IBM's Sequoia takes #Top500 supercomputer top spot

An IBM supercomputer installed at a U.S. laboratory has achieved the top speed rating in the world, ending Japan's one-year reign atop a ranking that is considered crucial for scientific research and national defense. IBM's Blue Gene/Q design took four of the top 10 spots in the latest Top500 list.

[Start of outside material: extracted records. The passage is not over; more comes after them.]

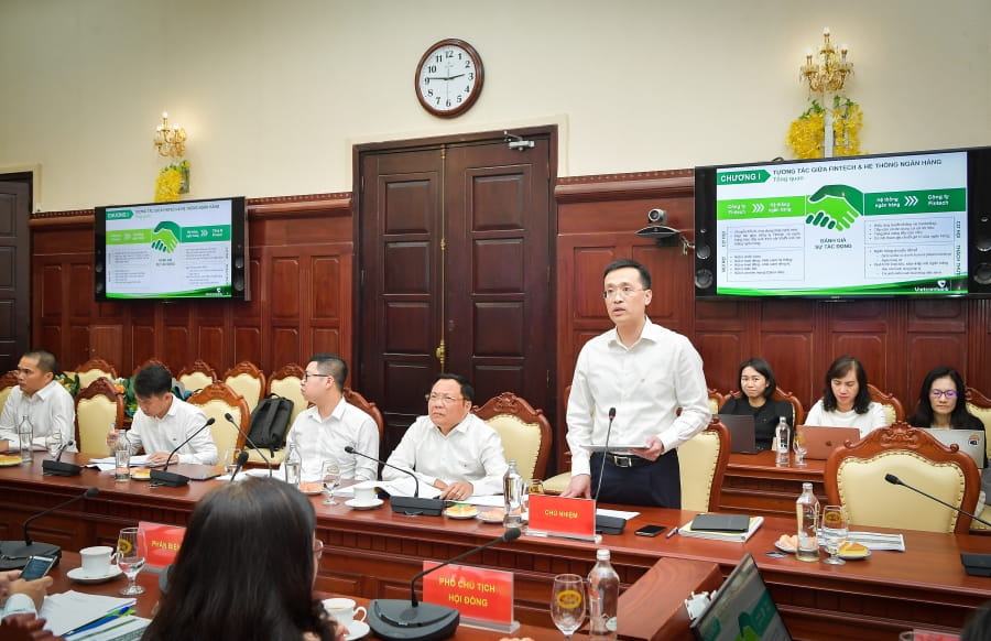 Chủ nhiệm đề tài - ông Phạm Quang Dũng đã trình bày khái quát quá trình thực hiện đề tài, làm rõ các nội dung nổi bật và kết quả của nghiên cứu. Quá trình nghiên cứu đã được triển khai thực hiện một cách nghiêm túc, bài bản. Nhiều nguồn tài liệu có uy tín đã được tham khảo và trích dẫn; các buổi hội thảo khoa học được tổ chức để lấy ý kiến từ các chuyên gia; đặc biệt Nhóm nghiên cứu đã thực hiện khảo sát toàn diện với mẫu tương đối lớn, bao gồm các NHTM, công ty Fintech và hơn 350 khách hàng của Vietcombank làm dữ liệu phân tích cho đề tài.
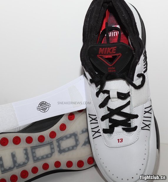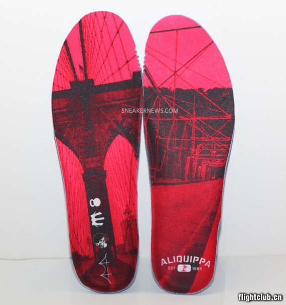 眼前这款Nike Zoom Revis样品是对Revis的家乡“Aliquippa”的致敬之作,鞋款也再次呈现了他从家乡走向纽约的成长历程。绑带内侧印有“Aliquippa” logo,鞋垫则分别取景阿勒奎帕和纽约。
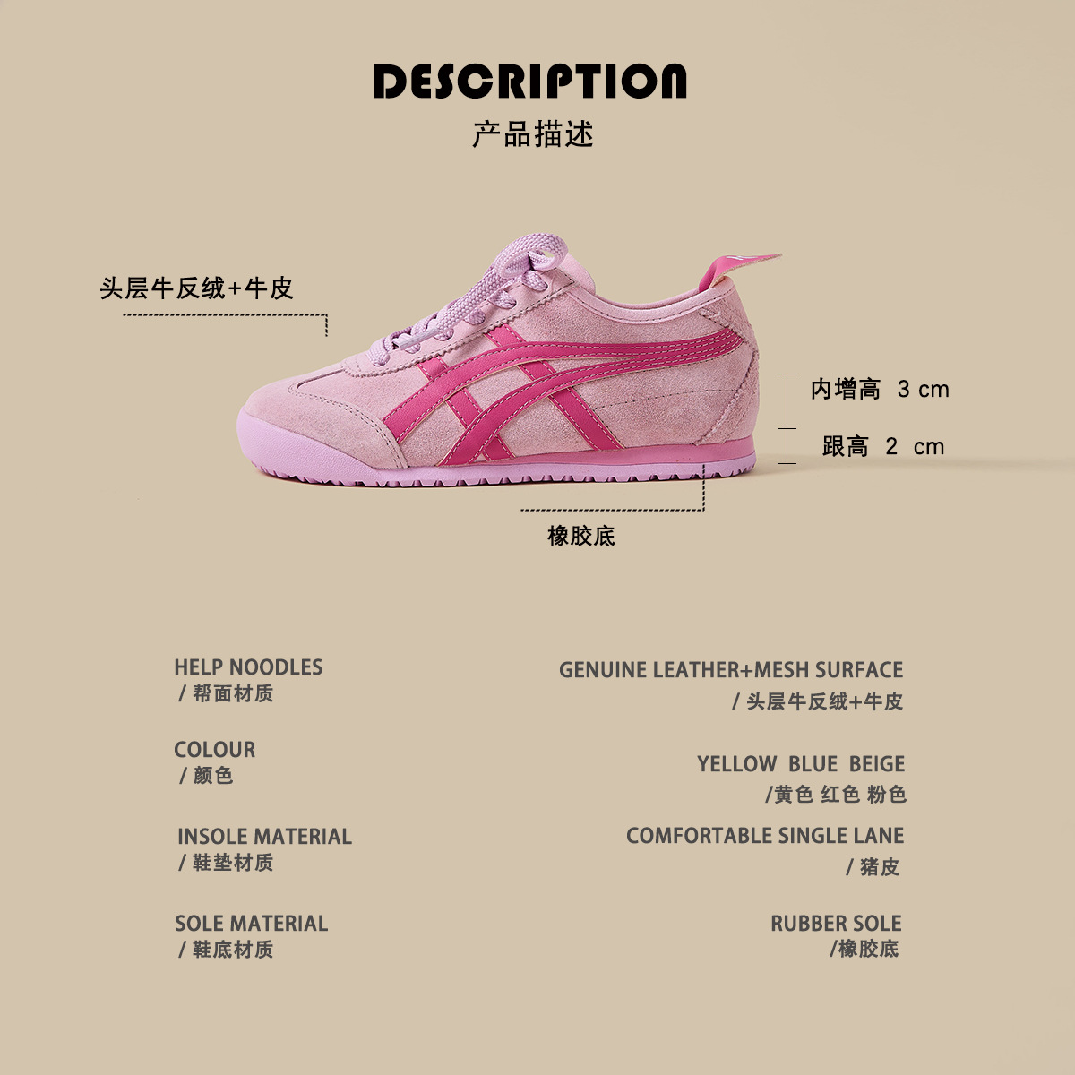 Genuine Leather Version ~ Inner Heightening Pink Moral Training Shoes For Women Lightweight Soft-Soled Casual Sports Forrest Gump Shoes Sneakers
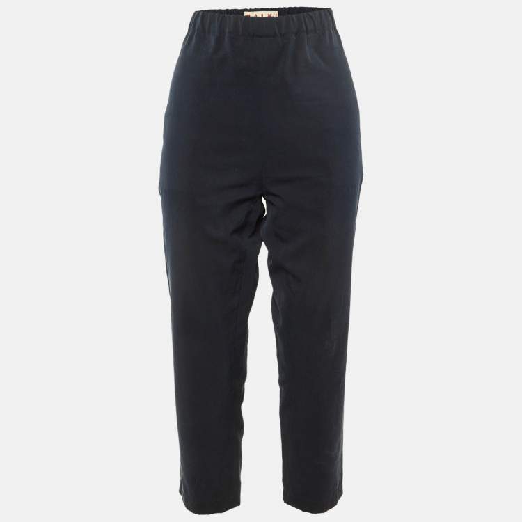 Pre Owned Marni Navy Blue Cotton Elastic Waist Pants M

  1. Prof Dongarra told the BBC it was unlikely that another manufacturer would overtake IBM in the next year. "Sequoia is very impressive," he said.
  2. Using specialty accelerator chips works well for some chores, said Ambuj Goyal, general manager of development and manufacturing for IBM's Systems and Technology group. But a more general-purpose architecture like Sequoia provides greater flexibility to do more jobs without extensively rewriting software, he said. --  Wall Street Journal
  3. Infographic - IBM's Supercomputing Chops
    Infographic - IBM's Supercomputing Chops
  4. Sequoia was built by IBM, a company whose BlueGene/Q supercomputers are now resurgent. Back in November, the last time the Top500 list was published, there weren’t any BlueGene systems in the top 10. Today, there are four, including an 8.2 petaflop system at Argonne National Laboratory and others in Italy and Germany. -- Wired

  5. What the Analysts said

  6. "IBM has been building systems like this for decades, and has some of the most advanced R&D in this area," said Rob Enderle.
  7. "Hats off to IBM for its success. Not only did the company's homegrown Blue Gene/Q architecture take four of the top 10 spots, but its iDataPlex system, powered by the Intel Xeon, also took the No. 4 spot," Charles King of Pund-IT.
  8. "HPC [high-performance computing] technical servers, especially supercomputers, have been closely linked, not only to scientific advances but also to industrial innovation and economic competitiveness. For this reason, nations and regions across the world are increasing their investments in supercomputing, even in today's challenging economic conditions," Earl Joseph, program vice president for technical computing at IDC.